WORK TASK
In this exercise, retype exactly the lines from the start of the entries through the line bearing "圖為紅軍飛奪瀘定橋紀念館原創", leaving every picture out.

==========

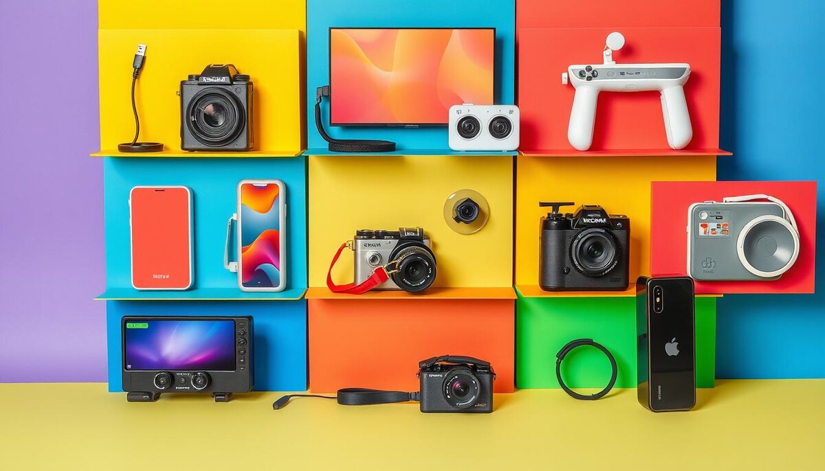 A vibrant and eye-catching display of ten distinct budget-friendly models, each showcased on a colorful backdrop. Include a variety of products such as electronics, fashion items, and household gadgets, with emphasis on their appealing designs. Arrange them in an aesthetically pleasing layout, highlighting their features and making them look attractive and accessible, using a harmonious blend of colors and textures to create an inviting atmosphere.
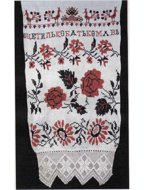 Конец свадебного рушника. XIX век. Бабушкинский район Вологодской обл. 5 Это пример начала утраты традиции. Крупным планом изображены модные в то время цветы. Традиционные мотивы показаны мелко: это поле с ростками – символ плодородия («Великая Мать» и птицы)
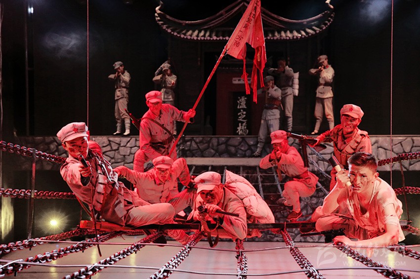 圖為紅軍飛奪瀘定橋紀念館原創(chuàng)實景劇《飛奪瀘定橋》劇照。本網資料庫圖
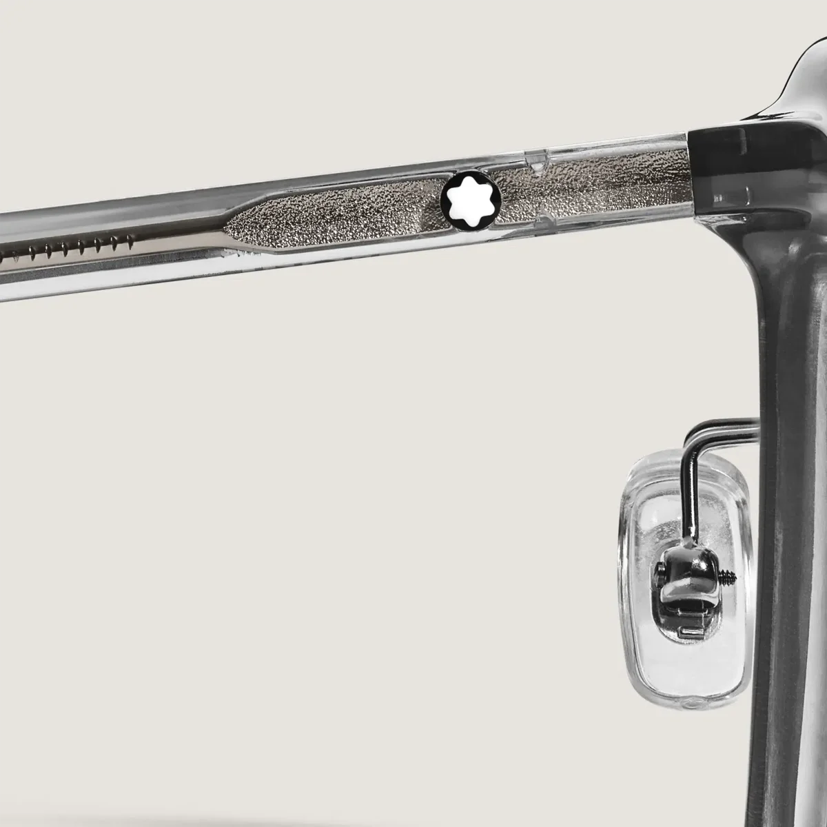 Questi occhiali da sole dal design ovale hanno una montatura iniettata di colore grigio e lenti blu. L’emblema Montblanc è incapsulato nel design delle aste. Il logo Montblanc è inciso al laser sulla lente sinistra degli occhiali da sole e il motivo antiscivolo è inciso al laser sul lato interno delle punte delle aste per aumentare il comfort.
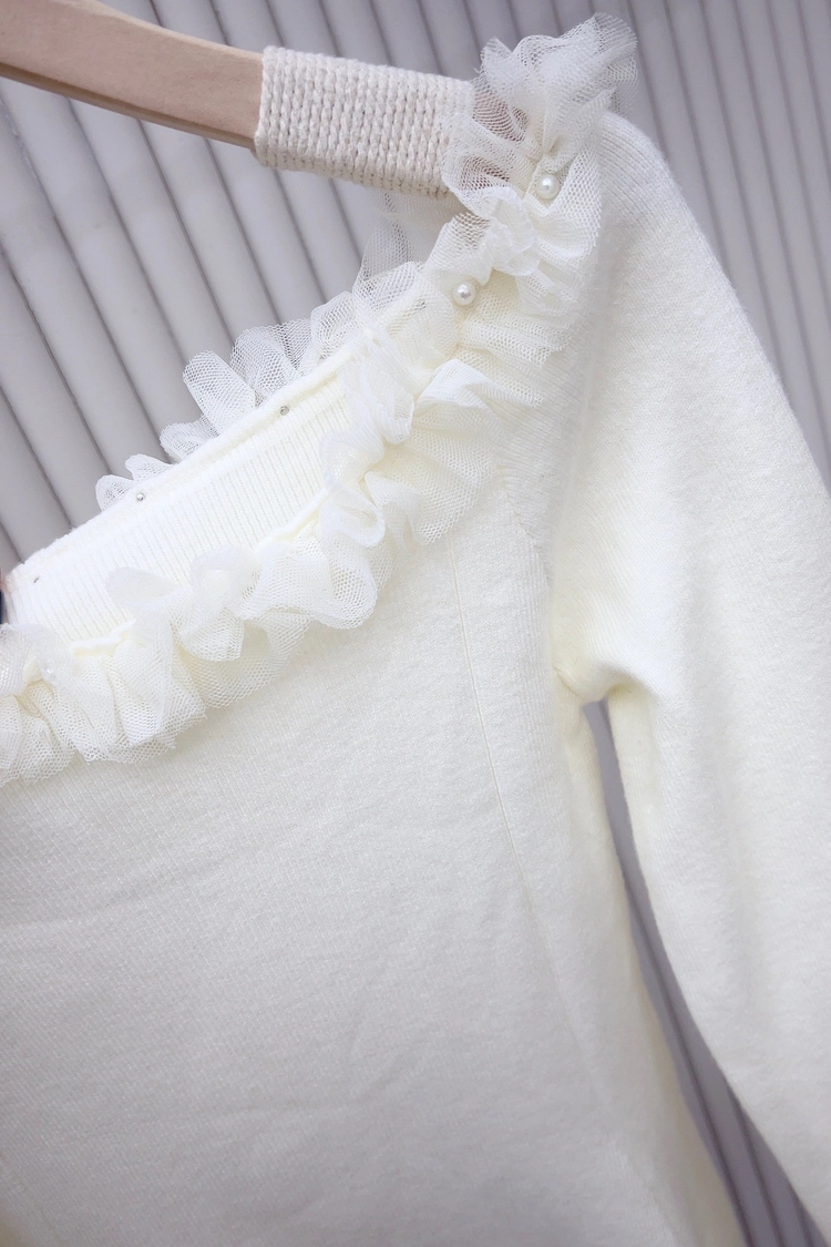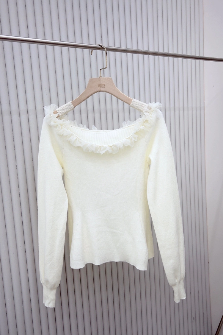 一字領接珍珠紗傘針織衣-5108
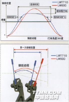 b.采用短動(dòng)程打緯,同時(shí)兼顧了引緯時(shí)間和打緯性能,縮短織口到綜框的距離,有利于高支高密織物織造。新老打緯機(jī)構(gòu)動(dòng)程對(duì)比見(jiàn)圖 5—26;
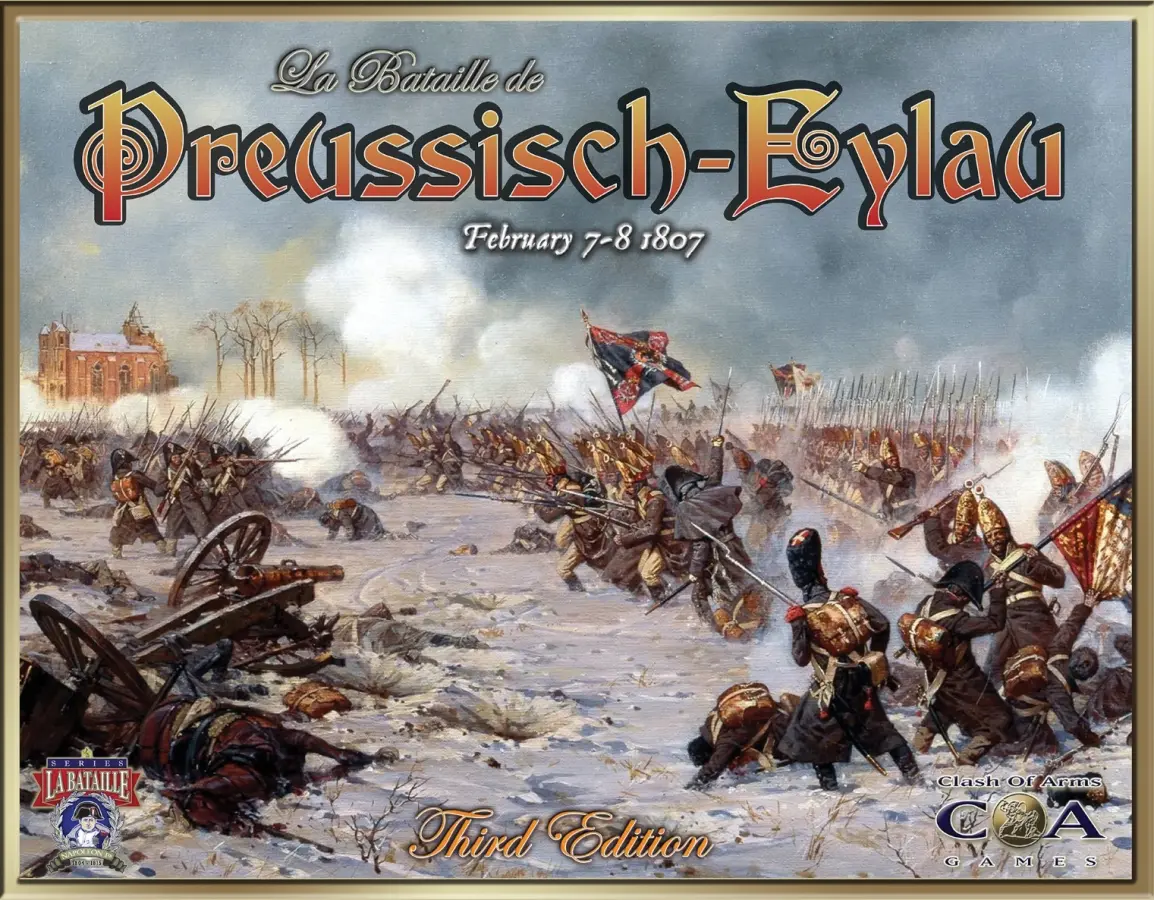 La Bataille de Preussisch-Eylau is a wargame simulation of Napoleon's epic winter battle on February 8th, 1807 against the remnants of the Prussian army under Lestocq and the Russian army commanded by Bennigsen.
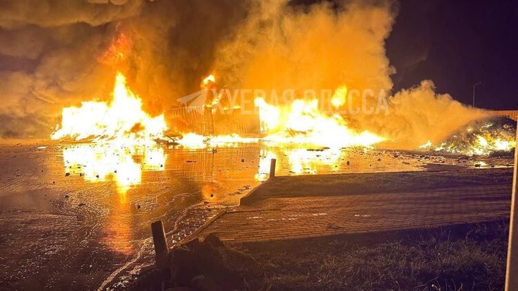 У мережі публікують фото та відео наслідків нічної атаки дронів Орловкою в районі Рені. На них видно фури, що горять.
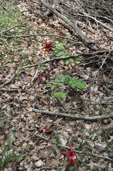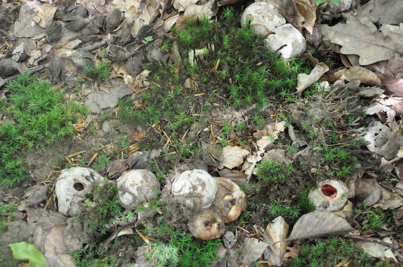 Ich war am Wochenende kurz an unserem Weiher. Na ja, die heftigen Böen und Gewitter beschafften uns wieder mal Arbeit, aber dafür auch Brennholz... Im Weiher, immer am gleichen Sonnenplatz, Ringelnattern, fünf Stück, vier glitten weg, die frisch gehäutete gewährte mir ein Fotoshooting. Im Wald dann verdächtige Eier, es schimmerte rot, wenig später die Auflösung: Tintenfischpilze. Dann, bei meinen Steinpilzstellen, die ersten wieder spriessenden Sommersteinpilze, das Wetter ist ideal für eine neue Welle!! Auf einem Buchenstumpf dann: letztes Jahr bestimmt noch nicht da- eine Kolonie Stockschwämmchen. Zuletzt auf einem Baumstumpf, ein aromatisch duftender Pilz, für mich nach Aenis, doch für den Aeniszähling ist die Farbe nicht sehr passend.? Was war das wohl?

==========

ANSWER TO THIS PROBLEM
 A vibrant and eye-catching display of ten distinct budget-friendly models, each showcased on a colorful backdrop. Include a variety of products such as electronics, fashion items, and household gadgets, with emphasis on their appealing designs. Arrange them in an aesthetically pleasing layout, highlighting their features and making them look attractive and accessible, using a harmonious blend of colors and textures to create an inviting atmosphere.
 Конец свадебного рушника. XIX век. Бабушкинский район Вологодской обл. 5 Это пример начала утраты традиции. Крупным планом изображены модные в то время цветы. Традиционные мотивы показаны мелко: это поле с ростками – символ плодородия («Великая Мать» и птицы)
 圖為紅軍飛奪瀘定橋紀念館原創(chuàng)實景劇《飛奪瀘定橋》劇照。本網資料庫圖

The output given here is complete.